Não tinha a mínima ideia do que estava fazendo ali, talvez aquelas duas ou três taças de vinho tenham tirado toda a minha noção de tempo e espaço. Ainda estava meio perdida quando senti segurarem firme a minha mão, era você. Um olá, um olhar e um beijo. Num estalo, já estava de volta a Terra e sabia exatamente o que havia me levado tão longe de tudo que conhecia. Naquele momento, você era o meu lugar, mesmo que só por uma noite. Meu porto seguro para fugir da loucura de mais uma noite perdida, numa dessas baladas regadas a vodca, minissaias e conversas vazias. Se for pra perder uma noite, que ao menos fosse contigo, para fazer valer à pena! A única certeza era que não tínhamos certeza de nada e mesmo que tudo parecesse tão vago, tão errado e tão fora do lugar, nada parecia tão certo quanto estar ali com você. Eu era pura sede e você era o último gole que eu precisava desesperadamente para me saciar. Embriagados ou não, seu gosto, seu cheiro e seu toque eram tudo o que eu queria e tudo o que precisava naquele momento. O meu vício, a minha loucura e a minha cura. Como aquela dose que diferencia o remédio do veneno.
Desejava por um fim naquela vontade que me acompanhava desde o dia em que te vi pela primeira vez, com aquele olhar doce de menino que me perseguiu em sonhos alegres por noites a fio e eu, com essa minha eterna mania de inventar amores, te pintei na minha mente com tantos tons e tantas cores quantas poderia imaginar com a minha aquarela encantada.

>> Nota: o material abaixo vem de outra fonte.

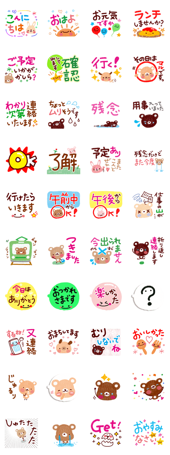 文字が大きく見やすい♪予定・お誘いにまつわるスタンプセットです。 友達・仲間・ママ友・家族などとの連絡にも便利です。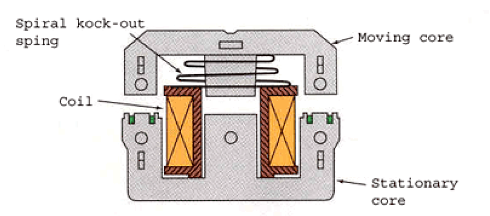 2. แกนเหล็กเคลื่อนที่ (Stationary Core) ทำด้วยแผ่นเหล็ก บางอัดซ้อนกันเป็นแกน จะมีชุดหน้าสัมผัสเคลื่อนที่ (MovingContact) ยึดติดอยู่ ขดลวด (Coil) ขดลวดทำมาจากลวดทองแดงพันอยู่รอบบอบบินสวมอยู่ ตรงกลางของขาอีกตัวที่อยู่กับที่ ขดลวดทำหน้าที่สร้างสนามแม่เหล็กมีขั้วต่อไฟเข้าใช้ สัญลักษณ์อักษรกำกับ คือ A1-A2 หรือ a-b หน้าสัมผัส (Contact)หน้าสัมผัสจะยึดอยู่กับแกนเหล็กเคลื่อนที่

Usei tinta guache, daquelas que saem na água para poder dar lugar à outra arte feita pela minha própria vontade quando assim julgar necessário. Desejei você para mim, mas você não é daquele tipo que pertence a alguém, somente a si mesmo. Alma leve, liberta de qualquer amarra do mundo. Desapegado de tudo que não te faz uma pessoa inteira. Não éramos os mesmos daquele primeiro encontro e, mesmo completamente diferentes, ainda esperava algum resquício daquela noite onde o amor me pareceu possível. Era o que eu imaginava, afinal, a noção do real passa a cem metros de distância quando a paixão insiste em cegar os meus olhos.
Depois de algumas horas, você se despiu de todos os teus disfarces e com todas as suas indefinições, se mostrou para mim. Dos seus casos mais quentes, dos quais se vangloriava, tentava encontrar uma pontinha de ciúmes no meu olhar para alimentar o seu ego. Teu cigarro não me incomodava mais. Nada disso me afetava, nem mesmo a sua insistência em construir uma barreira que me manteria a uma distancia, segura o bastante do seu coração, e isso parecia não surtir efeito algum sobre mim. O fato é que todas as suas histórias, inventadas ou não, te manteriam a salvo das minhas loucuras e você sabia disso, do mesmo modo como sabia que eu te queria mais que tudo no mundo. E eu só conseguia pensar no aconchego que impediria os pesadelos de chegarem até mim, que eles fiquem lá fora e congelem no frio, pois aqui dentro só nós dois cabemos no meu sonho dourado, onde tudo parece possível. Naquele instante, meu sonho era bem modesto, desejava apenas que continuasse com os seus braços ao meu redor, e seu corpo bem perto do meu durante apenas uma noite em que todas as minhas necessidades se resumiam a cada respiração sua.
Garanto que pela manhã irei embora, Não deixarei nada de mim, além do meu perfume naquela camiseta velha emprestada, onde meu cheiro se misturava ao seu e alguns fios de cabelo espalhados para te lembrar de que já fui um de seus doces acasos em meio a tantos outros casos e que um dia, quem sabe, também seria parte de uma das suas histórias de amores inventados contadas em outra madrugada qualquer para alguma desavisada apaixonada. Comigo levarei aquele olhar que afasta e pede colo ao mesmo tempo, combinando perfeitamente com a sua a sua voz doce e rouca que invade, inunda o coração, por mais frio que ele possa parecer. São sensações que me pertencem e tudo que quero é que elas continuem vivas na minha mente. Quero mais é reviver você quantas vezes eu puder, mas por enquanto, permaneço nesse transe em meio sonho e meio realidade onde te tenho e não te tenho ao mesmo tempo. Tudo o que sei é que essa vontade vai passar antes mesmo que o desejo volte a corroer nossa mente.
Por fim, quando as palavras não saírem mais da minha boca, quando eu me perder em algum pensamento bobo de saudade, quando eu não souber mais o que falar, tudo poderá ser resumido naquele último olhar de adeus onde deixamos uma história pra levar só na memória. Porque algumas paixões e alguns amores foram feitos para serem vividos e não para serem eternos. Cada um em seu lugar.